Given code that can extract the contents of the inner rectangles (boxes), we can determine whether the contents have changed.

Here, take an image of the previous box and see whether the same contents are still there. The idea is that a name does not only get erased, it may also be replaced.
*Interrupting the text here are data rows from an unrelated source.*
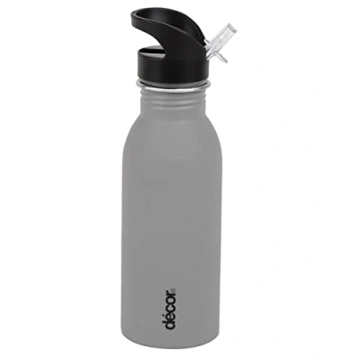 Décor Snap n Seal Soft Touch Stainless Steel Bottle Leakproof with Straw Ideal for On The Go, Gym & Travel 500ml, Grey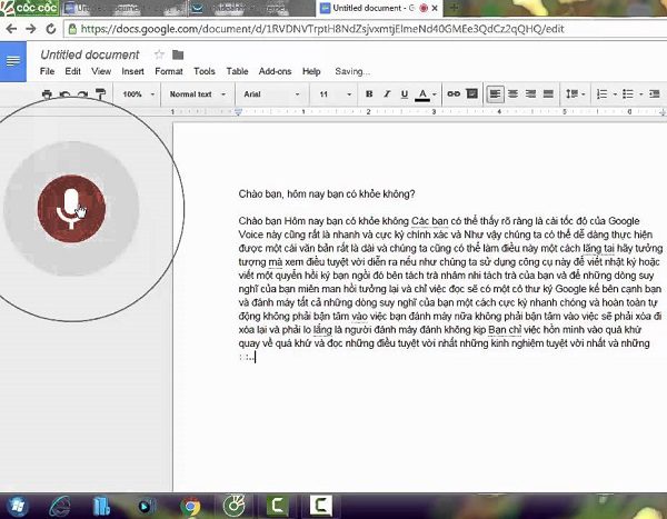 Bây giờ thì các bạn chỉ cần nói những chữ cần nhập vào văn bản. Ngoài Tiếng Việt ra, ứng dụng Google Docs còn hỗ trợ hơn 40 thứ tiếng khác nhau và các bạn có thể lựa chọn ngay tại phần ở trên của biểu tượng Microphone.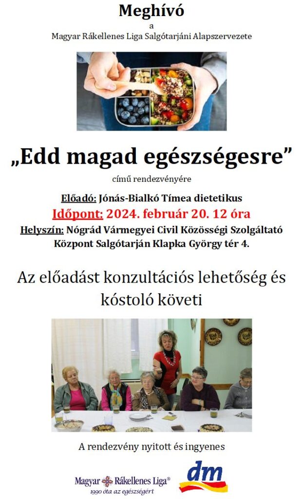 Az alapszervezet Facebook-oldalán elérhető tájékoztatás szerint az Edd magad egészségesre! című ingyenes és nyitott programnak a Nógrád Vármegyei Civil Közösségi Szolgáltató Központ ad majd otthont 12 órától. A Jónás-Bialkó Tímea dietetikus által tartott előadást kóstoló követi majd, valamint a résztvevők számára konzultációs lehetőséget is biztosítanak a szervezők.

We hope to find something more robust than the ink method (exploration-2).


In [1]:
LIVENOTEBOOK = True
import cv2
cv2.__version__
import extract_blue_grid
get_contents = extract_blue_grid.get_contents

In [2]:
def get_content1(imagepath):
    "return 2nd box and contour from get_contents"
    boxes, contours = get_contents(imagepath)
    return boxes[1], contours[1]

In [3]:
import numpy as np
import matplotlib.pyplot as plt
from skimage.measure import compare_ssim 
def imshow(img):  plt.imshow(cv2.cvtColor(img, cv2.COLOR_BGR2RGB))
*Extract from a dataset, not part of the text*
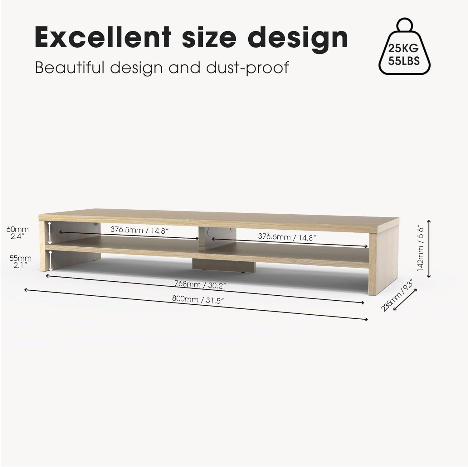 - 【Durable Computer Stand】Built with high-quality MDF panel (15mm/0.6inches), reinforced with crossbars to prevent sagging, this sturdy desk organizer holds up to 55lbs. Easy to clean and ideal for computer monitor stand or laptop stand for desk, it ensures long-term reliability in any workspace.

imwriting1 = cv2.imread("../reference/frame276.png")
imwriting2 = cv2.imread("../reference/frame280.png")
imempty = cv2.imread("../reference/frame272.png")


if LIVENOTEBOOK:
    %matplotlib inline
    # test plotting
    imshow(np.concatenate([imwriting1,imwriting2,imempty], axis=1))



In [ ]:
# not used:
def threshold_boxes(boxes):
    """Given a list of images, adaptive threshold each image"""
    output = []
    for img in boxes:
        img = cv2.cvtColor(img, cv2.COLOR_BGR2GRAY)
        dst = cv2.adaptiveThreshold(img, 160, cv2.ADAPTIVE_THRESH_GAUSSIAN_C, cv2.THRESH_BINARY, 5, 2)
        output.append(dst)
    return output

In [4]:
%matplotlib inline
kernel = cv2.getStructuringElement(cv2.MORPH_ELLIPSE, (9, 9))

writing1,contours1 = get_content1("../reference/frame276.png")
writing1 = cv2.morphologyEx(writing1, cv2.MORPH_OPEN, kernel)
writing1 = cv2.cvtColor(writing1, cv2.COLOR_BGR2GRAY)
#writing1 = cv2.adaptiveThreshold(writing1, 160, cv2.ADAPTIVE_THRESH_GAUSSIAN_C, cv2.THRESH_BINARY, 5, 2)
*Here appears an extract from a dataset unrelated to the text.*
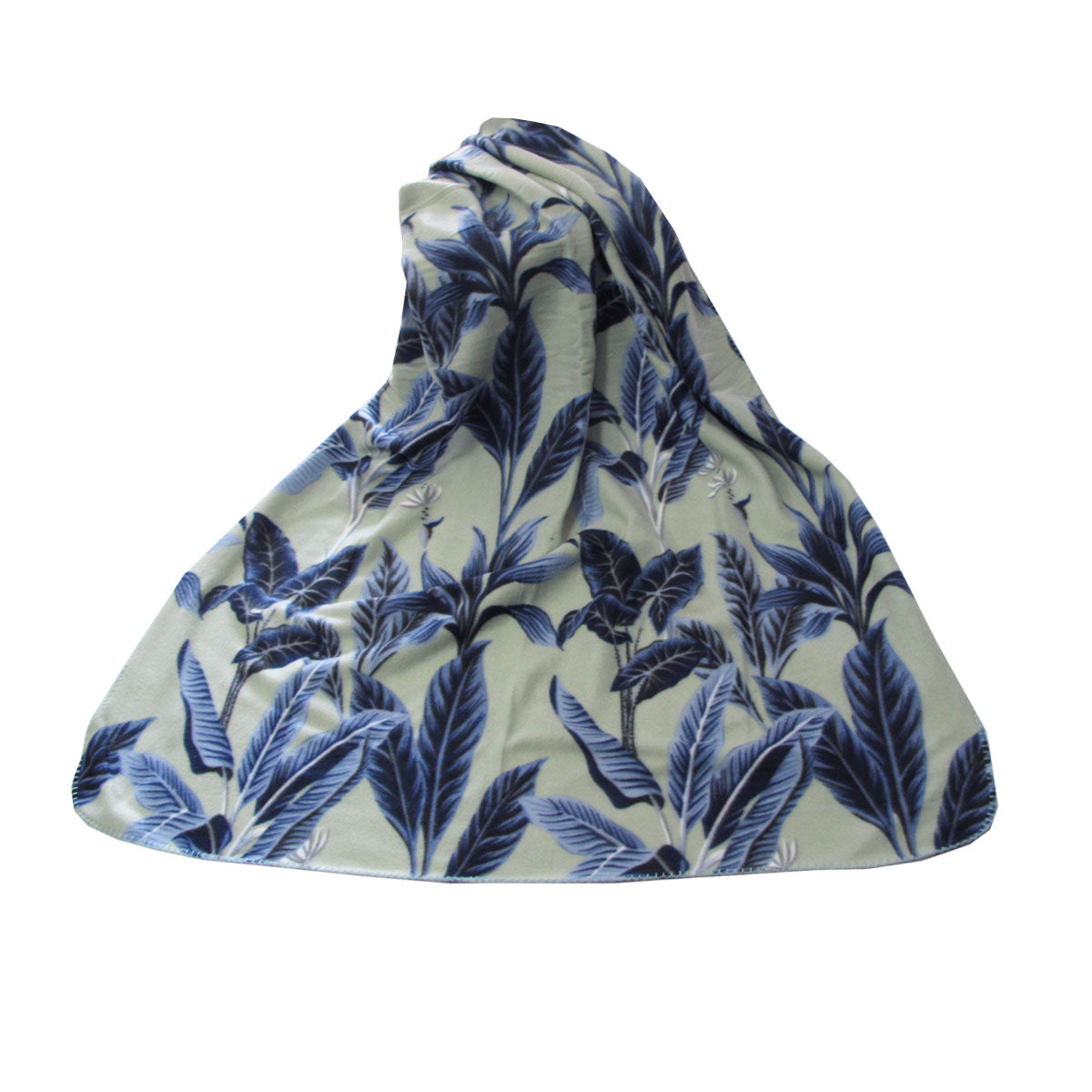 175GSM Banana Tree Leaves Printed Polar Fleece Throw Rug 120 x 150cm Sage

writing2,contours2 = get_content1("../reference/frame280.png")
writing2 = cv2.morphologyEx(writing2, cv2.MORPH_OPEN, kernel)
writing2 = cv2.cvtColor(writing2, cv2.COLOR_BGR2GRAY)
#writing2 = cv2.adaptiveThreshold(writing2, 160, cv2.ADAPTIVE_THRESH_GAUSSIAN_C, cv2.THRESH_BINARY, 5, 2)

empty,contoursempty = get_content1("../reference/frame272.png")
empty = cv2.morphologyEx(empty, cv2.MORPH_OPEN, kernel)
empty = cv2.cvtColor(empty, cv2.COLOR_BGR2GRAY)
#empty = cv2.adaptiveThreshold(empty, 160, cv2.ADAPTIVE_THRESH_GAUSSIAN_C, cv2.THRESH_BINARY, 5, 2)


plt.imshow(np.concatenate([writing1,writing2,empty]))
#plt.imshow(writing1)
#writing1.shape, writing2.shape, empty.shape


Found 3 outer contours
Found shape with sides: 13
Found shape with sides: 12
Found shape with sides: 4
-- Found: 445 x 409
Found 3 outer contours
Found shape with sides: 12
Found shape with sides: 12
Found shape with sides: 4
-- Found: 445 x 409
Found 3 outer contours
Found shape with sides: 14
Found shape with sides: 12
Found shape with sides: 4
-- Found: 445 x 409
Out[4]:
<matplotlib.image.AxesImage at 0x7fb357480dd8>

In [5]:
writingb, contoursb = get_content1("../reference/frame274.png")
writingb = cv2.morphologyEx(writingb, cv2.MORPH_OPEN, kernel)
writingb = cv2.cvtColor(writingb, cv2.COLOR_BGR2GRAY)

writingc, contoursc = get_content1("../reference/frame275.png")
writingc = cv2.morphologyEx(writingc, cv2.MORPH_OPEN, kernel)
writingc = cv2.cvtColor(writingc, cv2.COLOR_BGR2GRAY)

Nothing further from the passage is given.